Спаситель герра Пауля, с озабоченным видом зализывая ссадины на костяшках пальцев, подцепил носком сапога опрокинутую лавку, ловко поставил ее на ноги, перешагнул через нее и сел, твердо установив локти на столе.
— Ну, — сказал он, исподлобья изучающе глядя на все еще стоявшего в углу немца.
Голос у него был сиплый, нутряной. Так мог бы, наверное, говорить волк, которого Господь шутки ради наделил даром речи. Герр Пауль осторожно уселся напротив, понемногу успокаиваясь и пытливо разглядывая своего визави. Габаритами этот человек напоминал медведя, но в остальном это был, несомненно, волк — матерый, стремительный, беспощадный и начисто лишенный морали. Устойчивая, натренированная психика иезуита быстро справилась с испугом, и, трезво оценив ситуацию, герр Пауль пришел к выводу, что лучшего помощника ему не найти.
Для начала он рассыпался в благодарностях, но бородач прервал его нетерпеливым движением широкой костистой ладони.
— Спасибо на хлеб не намажешь, — просипел он. — Ты говорил, будто знаешь, где можно денег достать. Или наврал? Ежели наврал, так я тебя, барин, задавлю, как вошь, ты уж не серчай.
— Деньги есть, — приняв окончательное решение, спокойно сказал герр Пауль. Он привык вести подобные разговоры несколько иначе, среди его коллег и собратьев было не принято сразу брать быка за рога, но при сложившихся обстоятельствах дипломатия и впрямь казалась излишней. — Денег много, но, чтобы их достать, надо потрудиться.
— Ну, и трудился бы сам, — заметил бородач. — Зачем с другими-то делиться? Али кишка тонка?
— Тонка, — спокойно согласился иезуит. — Имей в виду, в одиночку с этим делом даже ты не справишься. Люди нужны.
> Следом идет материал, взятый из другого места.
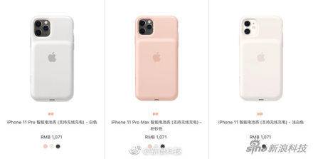 11月21日,苹果上架iPhone 11系列的智能电池壳,可额外为iPhone提供最高50%的电池续航时间。它是官方为iPhone制造的保护壳+外挂电池双重功能产品,本次更新主要为适配今年新品iPhone 11系列。加入了单独拍照按键,无论手机是否解锁都可进行拍照或录制视频,黑、白、粉砂三色可选,定价1071元。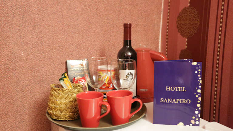 Das Sanapiro Hotel im Zentrum von Kutaisi bietet haustierfreundliche Unterkünfte und eine Vielzahl von Annehmlichkeiten für einen angenehmen Aufenthalt. Genießen Sie kostenfreies WLAN, eine Sonnenterrasse und kostenlose Privatparkplätze. Der Flughafentransfer kann auf Anfrage arrangiert werden, und die 24-Stunden-Rezeption steht Ihnen zur Verfügung, um Ihnen bei allen Fragen und Wünschen behilflich zu sein.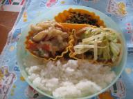 今日の幼稚園は、お弁当持って、近くの公園へ。でも、あいにくの雨で中止に。なったのに、幼稚園へ送って、家に着く頃には晴天になってたー。残念。お弁当の時は、必ず卵焼きをリクエストする。しかも自分で焼くと。今日は、他のも全部お手伝いする!というので、なんとか卵焼きだけで許してもらった。ゆう君は、卵割って、ほぐして、フライパンに入れるまでなんだけどね。でも、何分かかったんだろう・・・。朝から疲れたと思いきや、今度は、夕飯の準備の時にひろ君がやる~!とりあえず、キャベツちぎってもらっていたら、包丁を使いたい!とのこと。しかながないので、プラスチックの切れない包丁持たせたら、なんとか切ってた。あら。お次はたまねぎ切って、シメジほぐして、おいしいスープができました。いつもこんな風にやらせてあげられるといいんだけどね~。将来が楽しみ!???
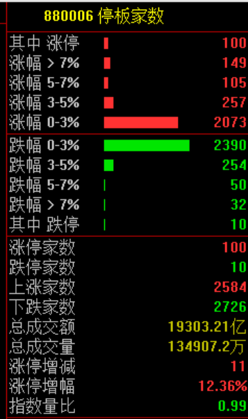 市场共2584只个股上涨,100只个股涨停,2726只个股下跌。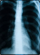 Patients who cannot stand may be positioned lying down on a table for chest x-rays.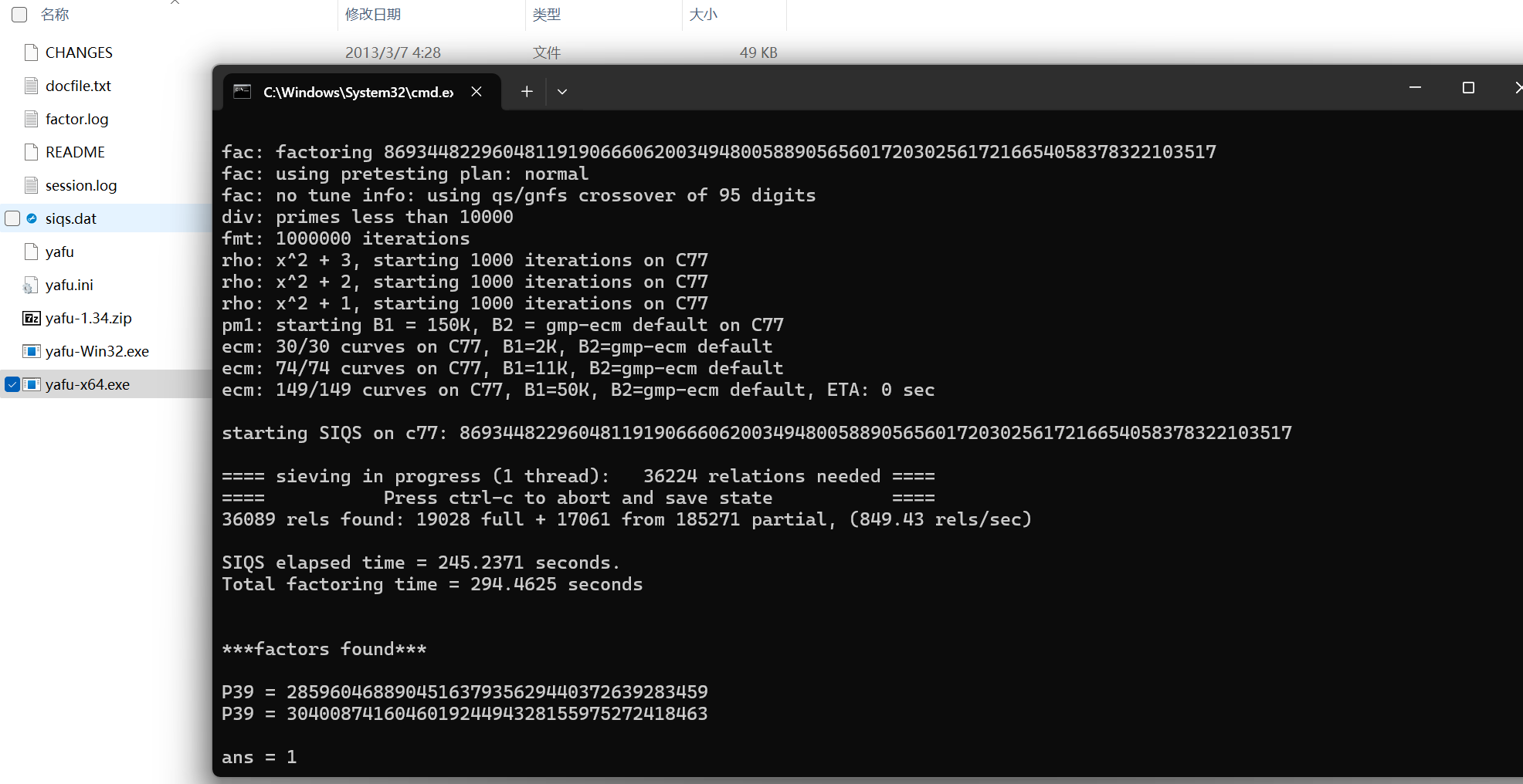然后使用RSA因数分解工具yafu将n进行分解,输入命令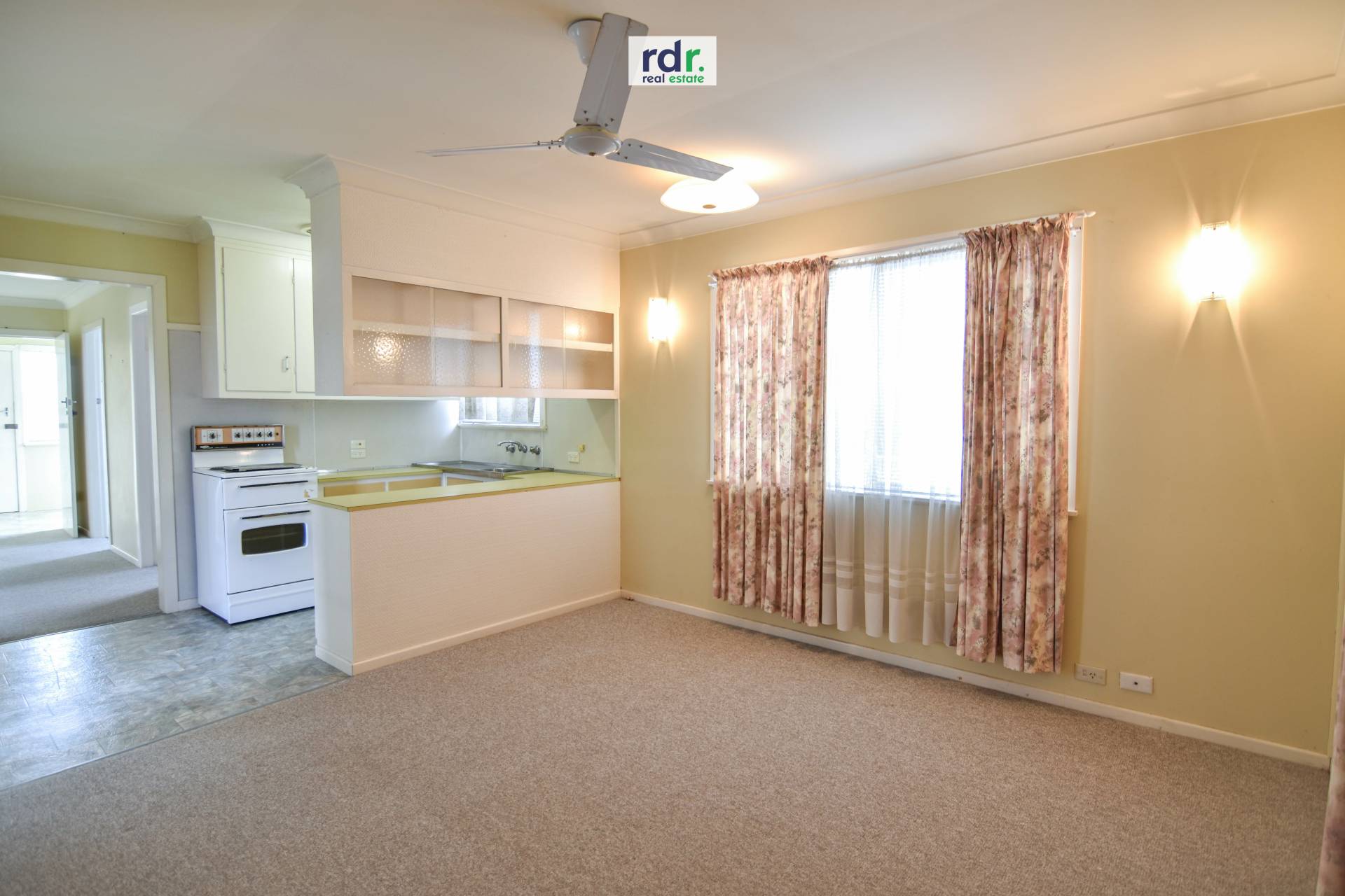 Making a welcoming first impression, the main home is set at the front of the property. Generous lounge room with reverse cycle air conditioner and built-in heater flows to the original kitchen, fitted with an abundance of cupboards and ceiling fan.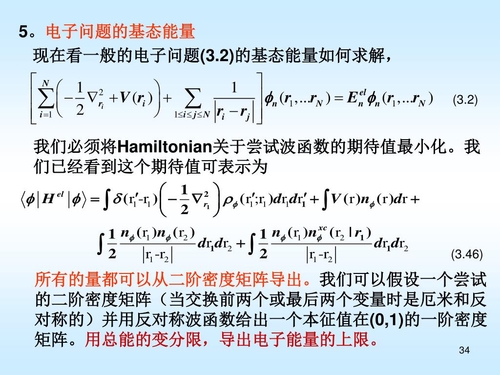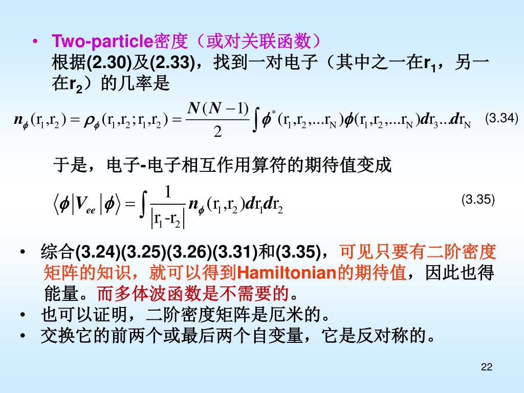 Two-particle密度(或对关联函数) 根据(2.30)及(2.33),找到一对电子(其中之一在r1,另一在r2)的几率是 (3.34) 于是,电子-电子相互作用算符的期待值变成 (3.35) • 综合(3.24)(3.25)(3.26)(3.31)和(3.35),可见只要有二阶密度 • 矩阵的知识,就可以得到Hamiltonian的期待值,因此也得 • 能量。而多体波函数是不需要的。 • 也可以证明,二阶密度矩阵是厄米的。 • 交换它的前两个或最后两个自变量,它是反对称的。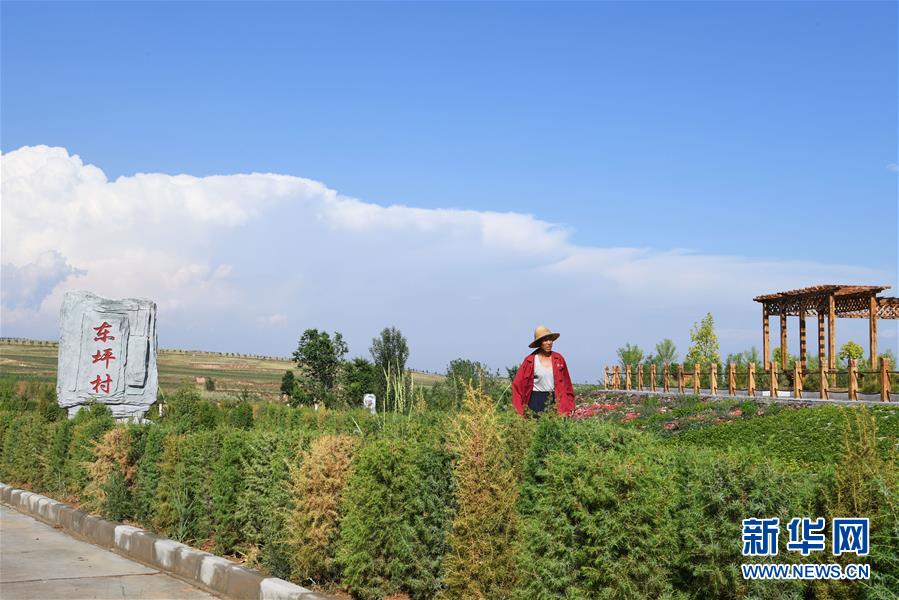 村民經(jīng)過東坪村新村的綠化帶(6月13日攝)。 新華社記者 楊晨光 攝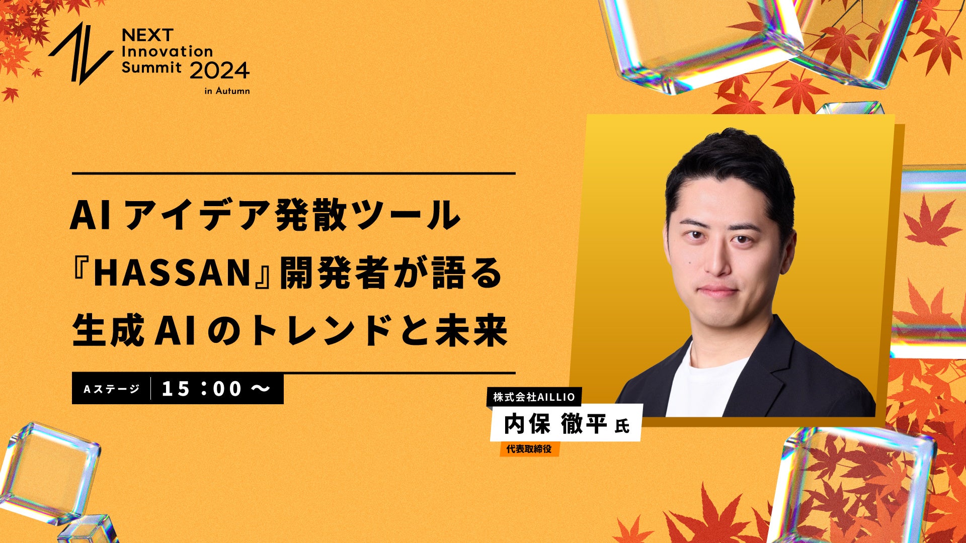 15:00〜15:45「AIアイデア発散ツール『HASSAN』開発者が語る 生成AIのトレンドと未来」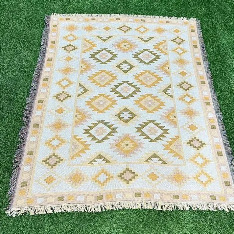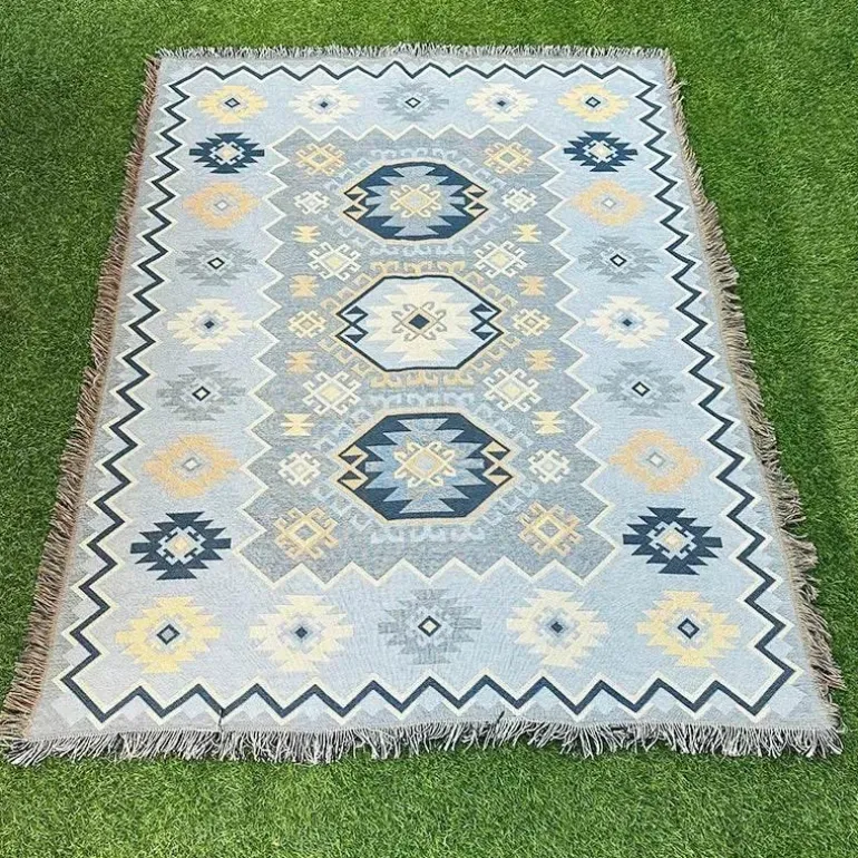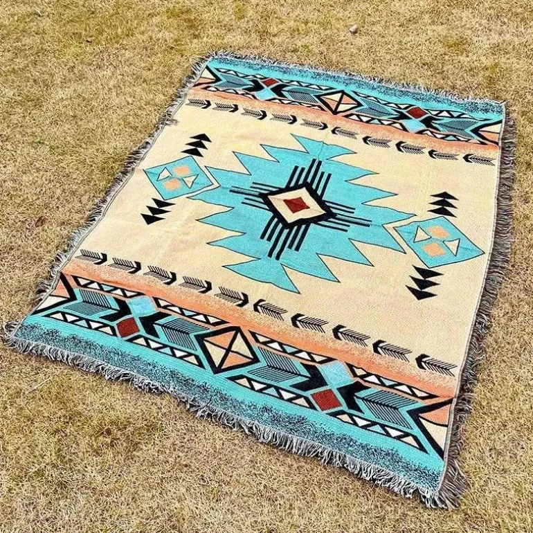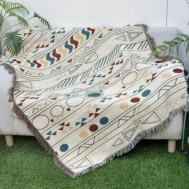 Mit seinem auffälligen geometrischen Muster wertet diese Decke mühelos die Atmosphäre jeder Umgebung auf – egal, ob Sie ein Picknick im Park genießen, auf einer Abenteuerreise sind oder es sich zu Hause gemütlich machen. Ihr leichtes und tragbares Design macht sie zum idealen Begleiter für Frühlings- und Herbstausflüge und bietet überall Wärme und einen Hauch von Eleganz.

— Будут люди, — так же спокойно сказал бородач. — Сколько надо, столько и будет. Сказывай, барин, куда идти и чего делать.
— Больно ты скорый, — усмехнулся Хесс. — Сперва все обговорить надобно.
Бородач изобразил задумчивость, которая шла ему как корове седло, шибко почесал в затылке, лизнул сбитые в кровь костяшки пальцев и просипел:
— Обговаривать-то я не мастак. Однако, барин, правда твоя. Пырнуть бы тебя ножиком, да, видно, и впрямь нельзя. Ладно, будь по-твоему. Айда.
— Куда? — насторожился Хесс. Он был не прочь покинуть это место, однако упоминание о ножике ему не понравилось.
— На кудыкину гору, — пояснил бородач. — Ты ж говорить хотел! Ну так и пошли к барину, он с тобой поговорит. Да не боись, немчура, барин у нас понимающий, зазря не обидит!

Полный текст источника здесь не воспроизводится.